In another study of social support and economic growth, von Braun (1990) found that in the mid-1980s, low-income countries (with per caput GNP below US$ 500) spent about 11 % of central government budgets on social services. As a country's per caput GNP increased, both its absolute and relative social expenditure also increased. A "threshold" appeared to exist at around US$ 500-600 per caput GNP (e.g. Indonesia), above which both the absolute per caput social expenditure and its relative share of GNP appear to rise considerably. At this threshold, 5-10% of a country's GNP, on average, was allocated to social expenditures, amounting in practice to between US S25-50 per caput per year. By the time a country had reached the upper middle-income bracket of approximately per caput GNP of US$ 2200 (e.g. Malaysia), about 25% government expenditure was on average allocated to social services. The threshold is relevant for nutrition in that it represents the point in the economic growth process above which a relatively sudden increase in the potential to improve nutrition through social support appears possible.

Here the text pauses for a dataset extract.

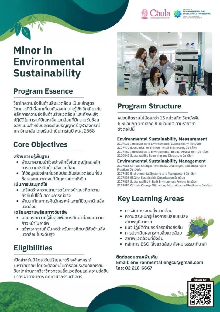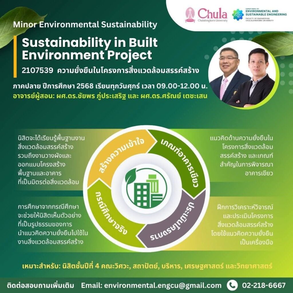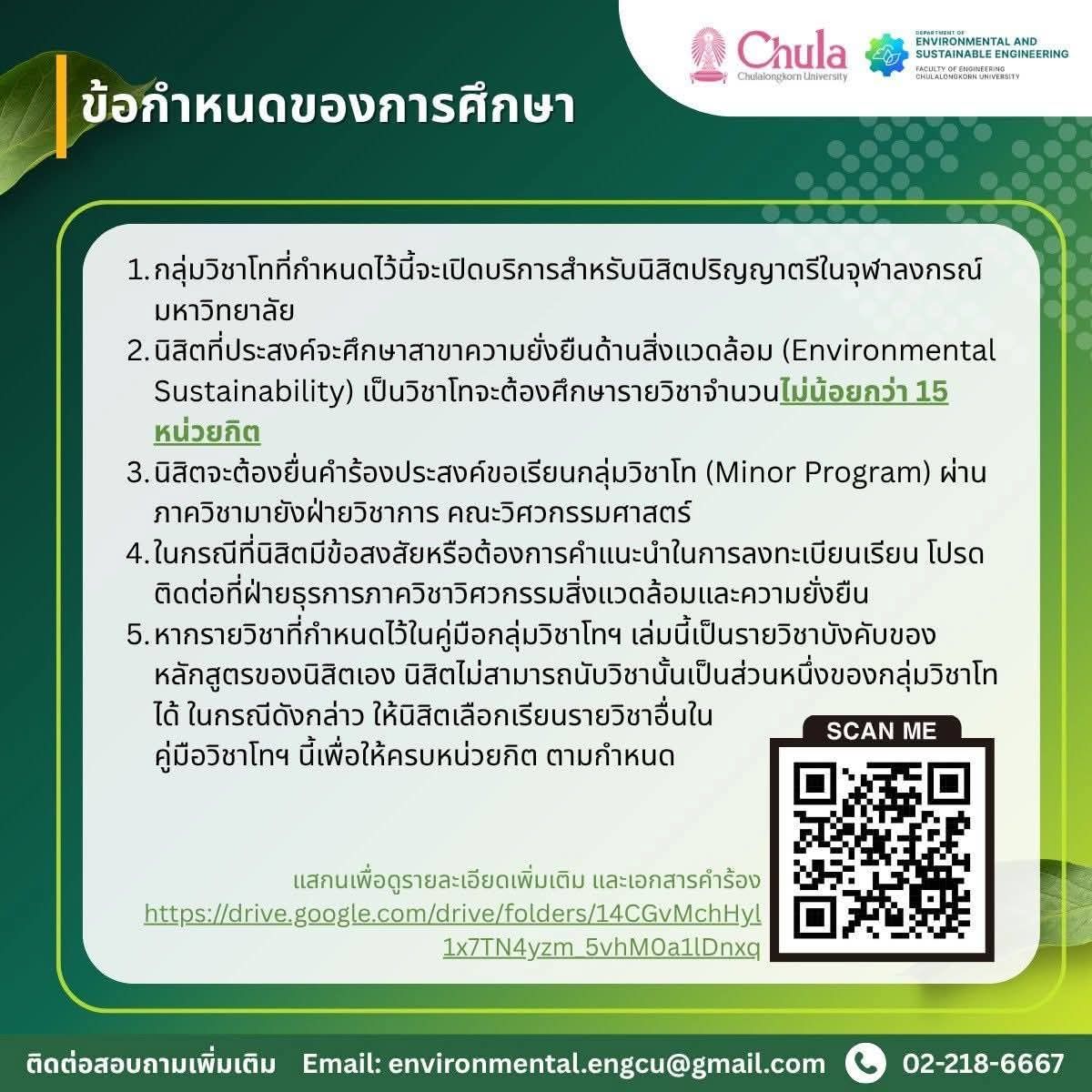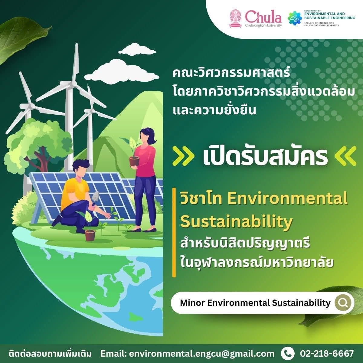ภาควิชาวิศวกรรมสิ่งแวดล้อมและความยั่งยืน คณะวิศวกรรมศาสตร์ จุฬาฯ เปิดกลุ่มรายวิชาโท (Minor Program) สาขาความยั่งยืนทางสิ่งแวดล้อม (Environmental Sustainability) สำหรับนิสิตปริญญาตรีทุกคณะในจุฬาลงกรณ์มหาวิทยาลัย สอนโดยอาจารย์ผู้เชี่ยวชาญและมีชื่อเสียงด้านความยั่งยืนทางสิ่งแวดล้อมในระดับชาติและนานาชาติ

Obviously this potential may or may not be utilized, depending on the priority a government gives to equity in social expenditures as well as the amount and type of such expenditure. Nutritionally-vulnerable sections of the population are unlikely to benefit much from increasing the numbers of doctors in cities, for example, nor through an emphasis on higher as opposed to primary education. There are many countries, e.g. Brazil, where health expenditure, although substantial, is skewed towards curative health care in large hospitals in developed urban areas, rather than improving outreach of good quality primary health care to marginalized communities. The quality of social support, and its coverage of sections of the population where malnutrition is most widespread and severe, will ultimately determine in large part its indirect nutritional impact. Access to primary health care services of adequate quality through well-stocked, well-run centres is fundamental, in addition to access to adequate water and sanitation systems. The promotion and preferential support to basic primary health care interventions such as immunization, growth monitoring, oral rehydration therapy, essential drugs, and the promotion and support of breastfeeding are other priorities for nutrition.